A.R.I.

Having watched Marin depart has not had any effect on Colin Jameson who remains stood in the exact same position as he had been during the final moments of their interaction.

Where previously his mind had been on the shocking demand by his employer it now is fixated on how he is going to break the news to Mady.

Without a doubt he is already in her bad books, Marin most know that the bastard, and he wants Colin to add to the issue by telling her she cannot accompany him to the next meeting in three weeks?

If it were possible his shoulders would sink lower but alas it is not and so the greying scientist is left gazing into the middle distance wondering what he did wrong in a previous life to deserve all of this. It must’ve been something bad for everything he does seems to result in him limping from one problem to another until things falls apart around him. Like his marriage to Antonio, or that condo he bought shortly before he was ejected from the scientific community and branded a hack.

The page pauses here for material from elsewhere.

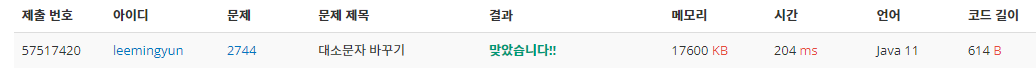 문자열 인덱스의 값이 대문자가 아닐 때 해당 값을 a에 저장해 준 뒤 문자열인 result에 대문자로 변경하여 더해줍니다.

Sighing, Colin wonders when he’ll get a break from the tragedies. In his eyes he is long overdue and yet still waiting.

If he believed in a higher power, he does not as a born and bred atheist, he would question his faith, demand an answer, something. Instead, he can force the questions onto no invisible deity and that leaves him questioning the idea of reincarnation without being convinced that such a notion actually exists. After all, he has seen nothing to convince him otherwise, bar mountains of pseudo-science that can, with a few internet searches, be entirely debunked.

Can the same be done with my work? For the first time in… maybe ever, Colin is beginning to question his life’s work. Not that he’s spent his life pursuing it. In truth he came to his field of expertise later than most.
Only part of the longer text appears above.